Tonight Glenn Beck and David Barton, the anti-gay pseudo-historian who inspired Beck's “Black Robe Regiment,” mocked the Supreme Court's reasoning in the 1980 decision invalidating a Kentucky law that required classrooms to display the Ten Commandments. In doing so, they completely misrepresented the ruling.
Barton claimed that the Supreme Court said it “would be unconstitutional” if children read and obeyed the Ten Commandments, which say "[d]on't kill, don't steal, all those terrible things ... that hang in courts of law all over the country":
BECK: I don't know if you've ever heard why the Court says we can't have the Ten Commandments posted in school. Listen to this.
BARTON: Stone V. Graham, 1980, the U.S. Supreme Court said if the posted copies of the Ten Commandments were to have any effect at all it might be to induce the schoolchildren to read them. And if they were to read them they might meditate on them. And if they were to meditate on them they might respect and obey them and that would be unconstitutional. Don't kill, don't steal, all those terrible things that -- all the things that hang in courts of law all over the country.
RABBI DANIEL LAPIN: So in other words it's OK to do the things, you just mustn't think about them.
BARTON: Exactly right.
Barton's interpretation of the ruling misses the point.

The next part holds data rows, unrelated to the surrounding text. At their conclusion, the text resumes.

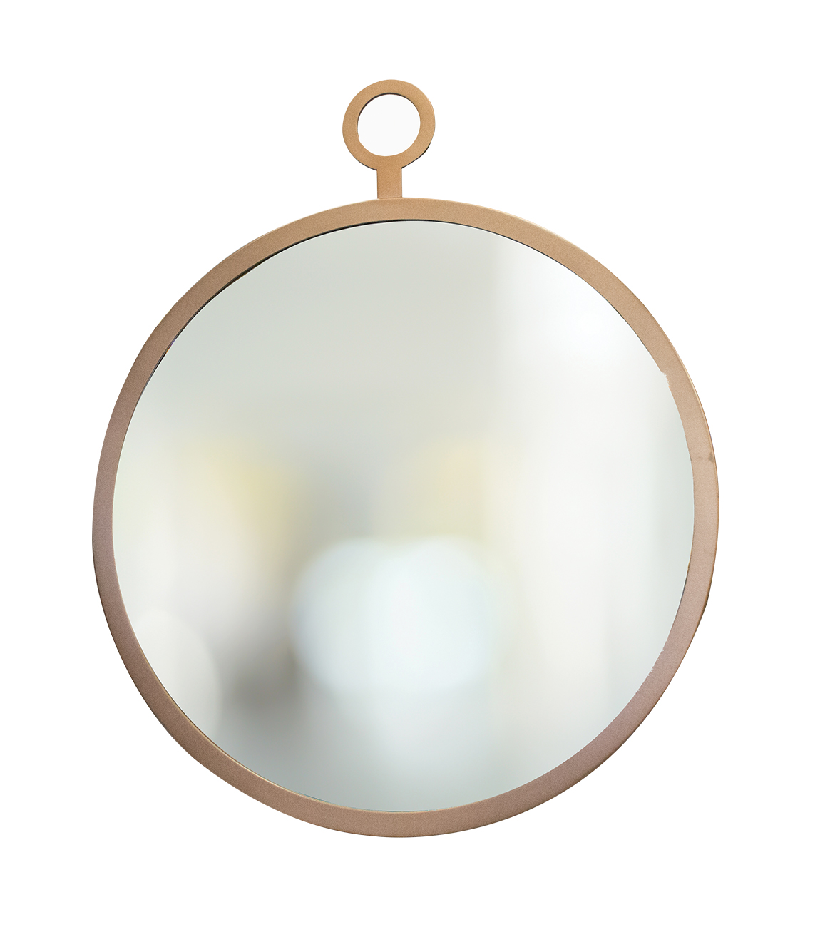 A simple and stylish round mirror with a custom-finished flat face wood frame with a decorative hanging ring.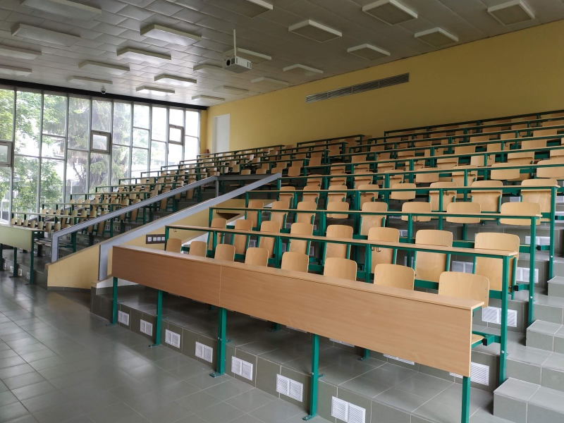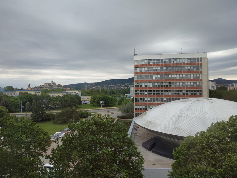 Показав пан доцент мені і лекційні уадиторії і навчальні класи. Чудовий краєвид з вікна лекційної аудиторії відкриває всю красу Нітранського замку та його прилеглих територій.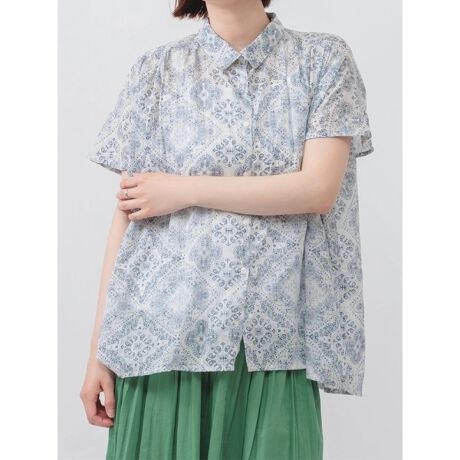 細やかなプリント柄が個性的な風合いを放つブラウス。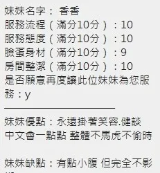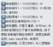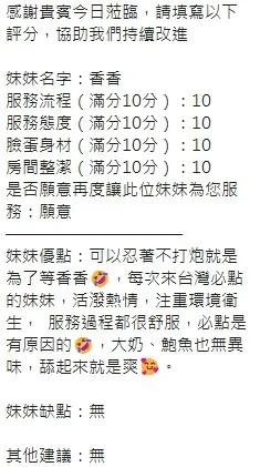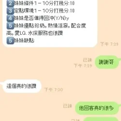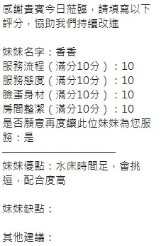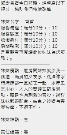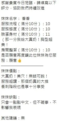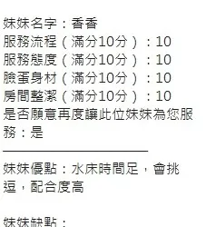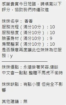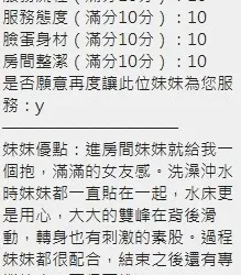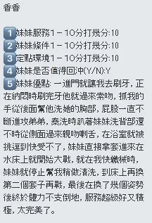 奶砲,按摩,69,共浴,LG(舌吻)依氣氛衛生而定,可親嘴,無套吹,品鮑,舔蛋,奶推,屁推,水床浴,變裝(自備免付),絲襪(自備免付),中文溝通,快餐,2S
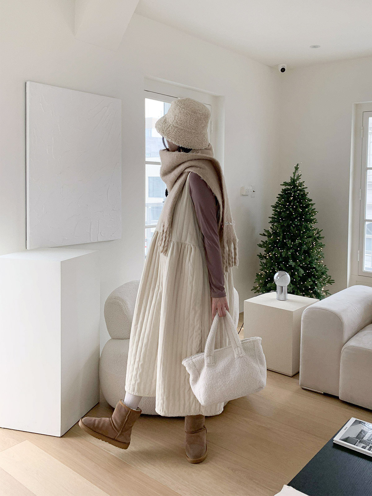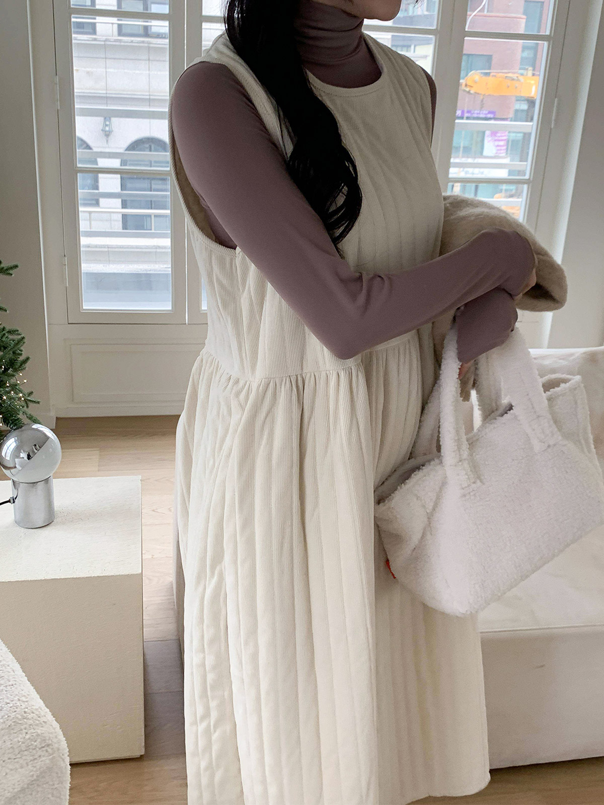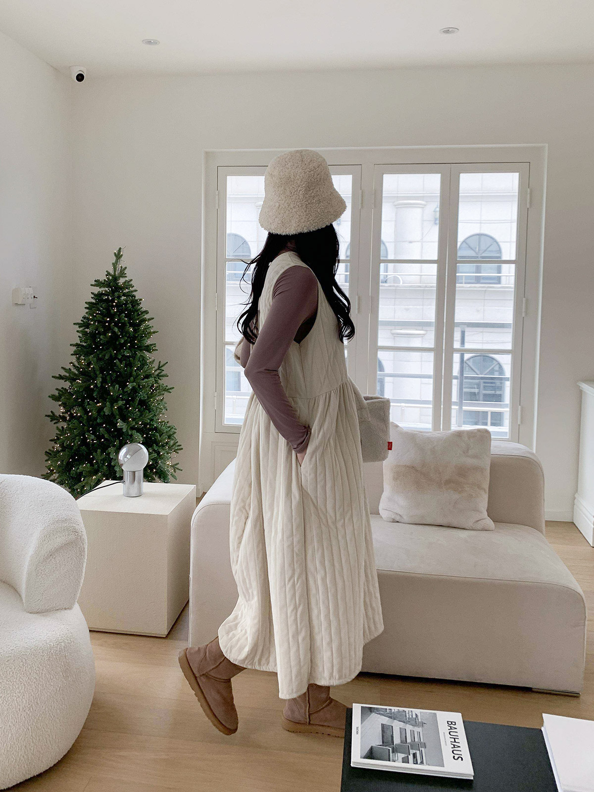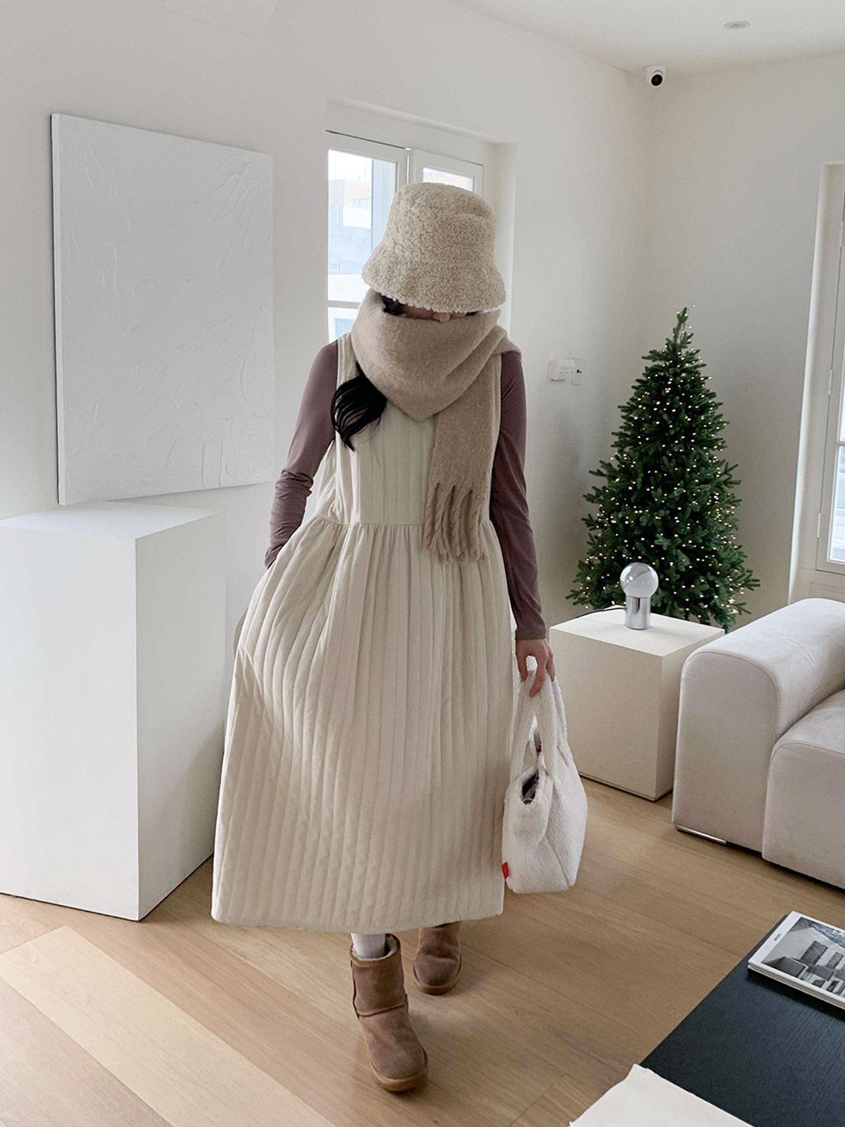 다양한 상의와 레이어드하기 좋은 누빔 롱원피스

In Stone v. Graham, the Supreme Court stated that "[t]he Commandments do not confine themselves to arguably secular matters" and inducing religious behaviors “is not a permissible state objective under the Establishment Clause,” which prohibits the government from making any law “respecting an establishment of religion.”
From the ruling:
The preeminent purpose for posting the Ten Commandments on schoolroom walls is plainly religious in nature. The Ten Commandments are undeniably a sacred text in the Jewish and Christian faiths, [n3] and no legislative recitation of a supposed secular purpose can blind us to that fact. The Commandments do not confine themselves to arguably secular matters, such as honoring one's parents, killing or murder, [p42] adultery, stealing, false witness, and covetousness. See Exodus 20:12-17; Deuteronomy 5:16-21. Rather, the first part of the Commandments concerns the religious duties of believers: worshipping the Lord God alone, avoiding idolatry, not using the Lord's name in vain, and observing the Sabbath Day. See Exodus 20:1-11; Deuteronomy 5:6-15.

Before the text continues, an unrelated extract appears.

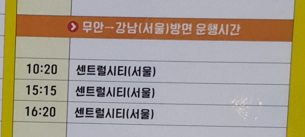 무안 출발 강남, 서울, 센트럴시티 방면.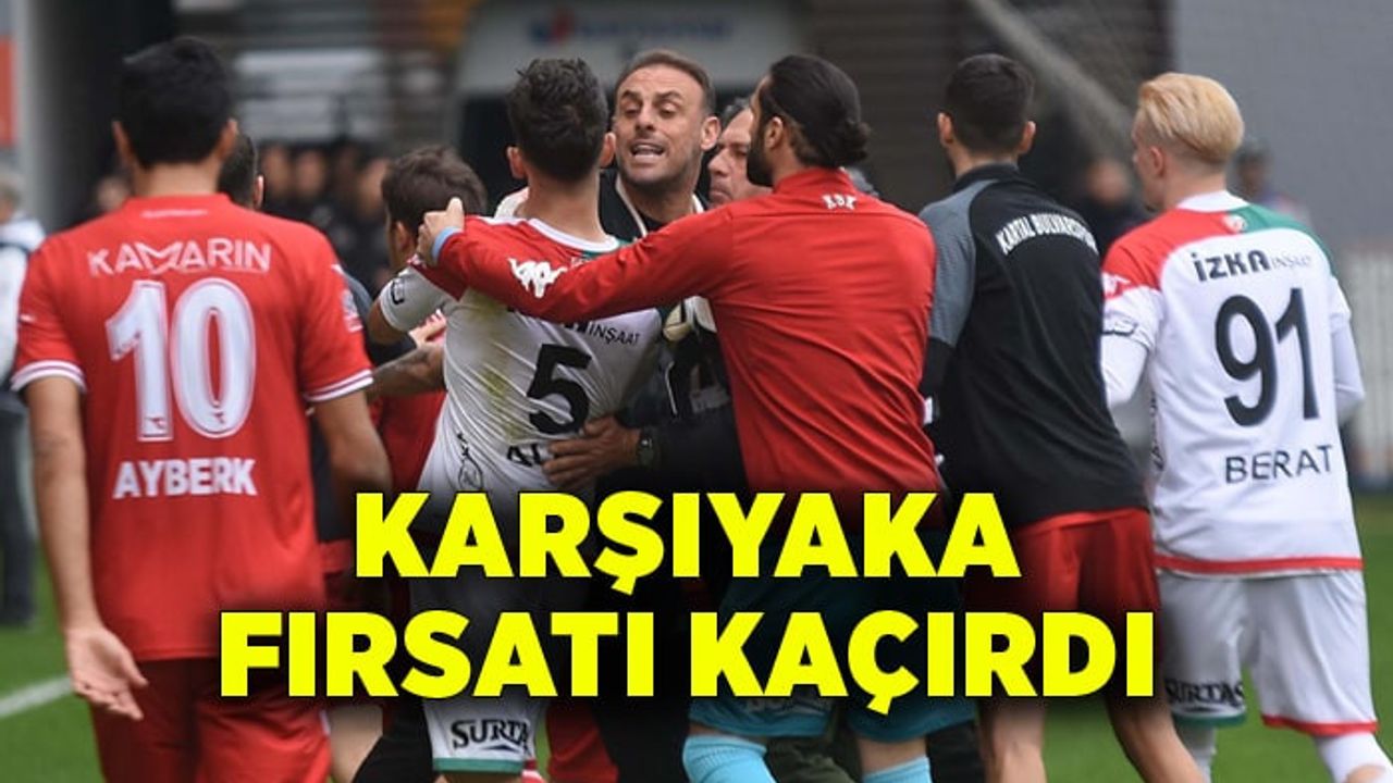 45’inci dakikada Karşıyaka gole yaklaştı. Cenk Ahmet’in kullandığı serbest vuruş yan direkten döndü.

This is not a case in which the Ten Commandments are integrated into the school curriculum, where the Bible may constitutionally be used in an appropriate study of history, civilization, ethics, comparative religion, or the like. Abington School District v. Schempp, supra at 225. Posting of religious texts on the wall serves no such educational function. If the posted copies of the Ten Commandments are to have any effect at all, it will be to induce the schoolchildren to read, meditate upon, perhaps to venerate and obey, the Commandments. However desirable this might be as a matter of private devotion, it is not a permissible state objective under the Establishment Clause.